Some information that may be helpful:

  • Berendsen barostat will not correctly sample the isothermal-isobaric (NPT) ensemble, but it does lead to fast relaxation of the box vectors to equilibrium.
  • Parrinello-Rahman (P-R) does correctly sample the NPT ensemble. However, it does lead to large oscillations if far away from equilibrium as Michele stated.

Because of these facts, generally the Berendsen barostat is favored over P-R for equilibration purposes (which is why GROMACS warns you if P-R is used for equilibration). However, in my own experience, sometimes P-R can be used for NPT equilibration as long as the initial box size is reasonable relative to the equilibration density and gen-vel = yes is used to make sure that the acceleration of the atoms is not ridiculously large.

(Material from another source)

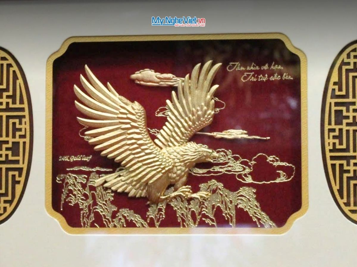 Hình ảnh đại bàng sải cánh trên nền dát vàng không chỉ mang lại vẻ đẹp uy nghi, sang trọng mà còn tượng trưng cho sự nghiệp thăng tiến, vượt qua mọi thử thách để đạt được thành công.
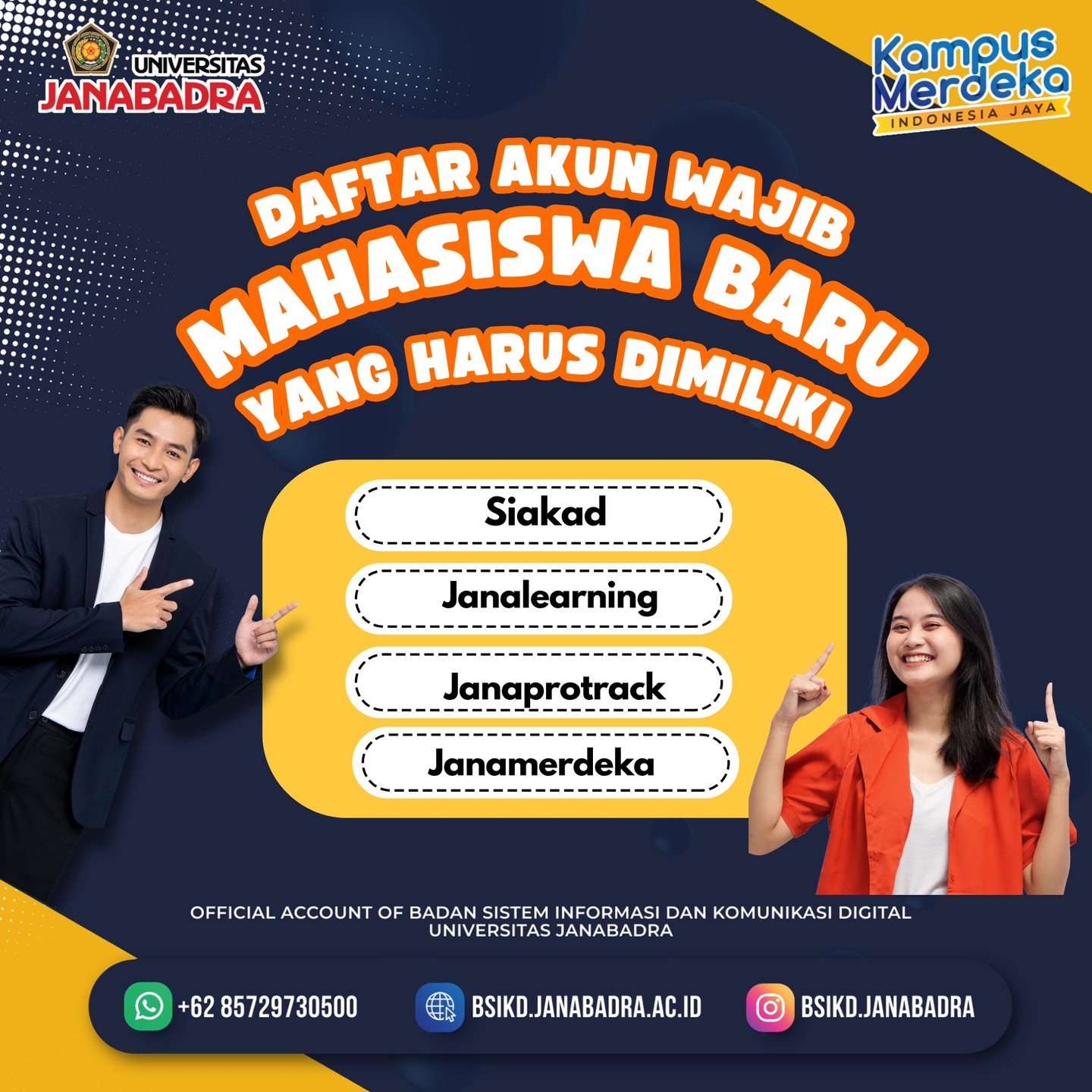 Halo semua, bagi para peserta maba yang sudah mendaftarkan diri di Fakultas Hukum Universitas Janabadra ataupun bagi calon mahasiswa yang akan segera mendaftar diharapkan wajib untuk memiliki 4 akun selama menjadi mahasiswa di Fakultas Hukum Universitas Janabadra. Hal ini, dengan tujuan agar mahasiswa Fakultas Hukum Universitas Janabadra bisa mengikuti kegiatan pembelajaran dengan baik dan efisien.

In these circumstances (and after an energy minimization run), my simulations tend to be stable enough not to crash during equilibration even when using P-R.

However, if you want to simulate in NVE, then I would suggest an Energy Minimization (steepest descent and then possibly conjugate gradient afterwards) → NPT (tcoupl=v-rescale, pcoupl=parrinello-rahman) → NVT (tcoupl=v-rescale, pcoupl=no) → NVE (tcoupl=no, pcoupl=no) workflow. If you experience crashing when using P-R for NPT equilibration, then add another NPT equilibration run with Berendsen barostat before that. It is not recommended to go straight from NPT to NVE because too many changes are taking place simultaneously.